I've heard about it, but never been there.  I've never wanted to look for it, but since I joined EN, I think I'm going to find it fast.  My fear is once I get there, I won't make myself go in. 

On Monday I'll start my EN program, and because I am new to long-course I still have so much to learn.  As I embark upon this journey, I realize the mental aspect is just as important as the physical. 

My question for all of you is:  any tips on not letting my brain get the best of me?  In the past when it starts to get a little uncomfortable, I back off.  I'm afraid I don't have the mental foritiude to push through, and I'd like to change that!!

I should also say my goal is to finish (Honu 70.3 as my first) healthy and strong.  I have no desires to be on a podium (ever); for me triathlon is a great tool to staying healthy!!

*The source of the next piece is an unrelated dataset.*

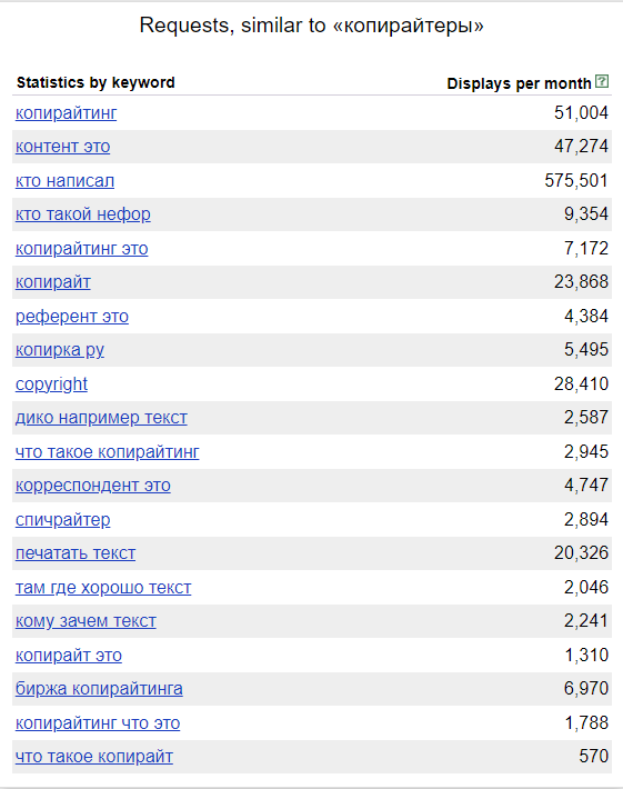«Wordstat» — сервис подбора ключевых слов. Благодаря ему можно оценить интерес пользователей к какой либо теме. Выберите главное слово статьи (тему статьи), что ищут с этим словосочетанием. Это и будут вопросы, на которые нужно ответить в тексте.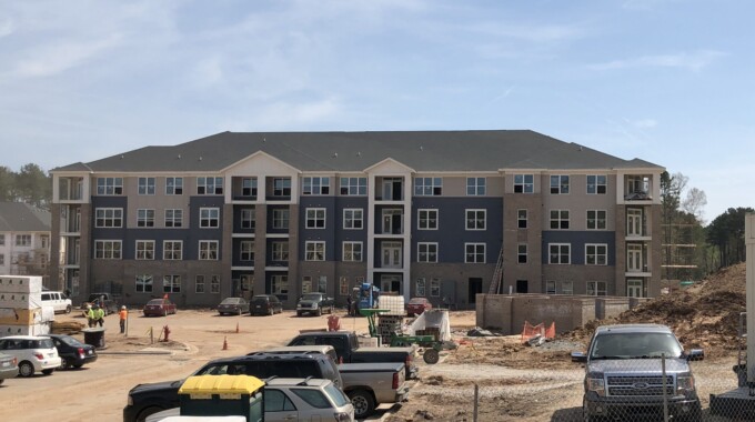 NV5’s work on this 5-building apartment complex began in 2014 with the performance of a geotechnical investigation and a Phase I environmental site assessment. Our soil borings revealed the presence of shallow rock, as well as expansive clay soils near the ground surface. Due to concerns with the anticipated construction costs, an additional subsurface investigation was performed to further delineate the depth to rock, and to quantify the expansive soils that would need to be managed to prevent the shrink/swell characteristics of the clays from affecting construction. Additional borings were also performed to determine conditions in existing roadways that would need to be upgraded and in the widening of an NCDOT maintained the secondary road. Construction began in the summer of 2017, and NV5 provided full-time testing and inspection services associated with site development, retaining wall construction, foundation construction, and pavement construction. Extensive Special Inspections were required, including wood framing construction inspections. Our pavement testing on the off-site roadways and the NCDOT road widening was performed by our NCDOT certified QMS technicians.

Thanks in advance for any insights!!

Dana

 

 

 

Comments

  • It's more about discomfort than pain. There is a real difference. As Coach Troy says on his spinervals tapes..."you want to stop, but you don't have to". So when you are in real discomfort...keep telling yourself that you can continue...you can make it. Be like Chrissie and embrace it.
  • Thank the triathlon gods that you did not ask this on slowtwitch. I think HTFU would be as gentle as they got.

    having said that...the mental game is really a journey you must take alone.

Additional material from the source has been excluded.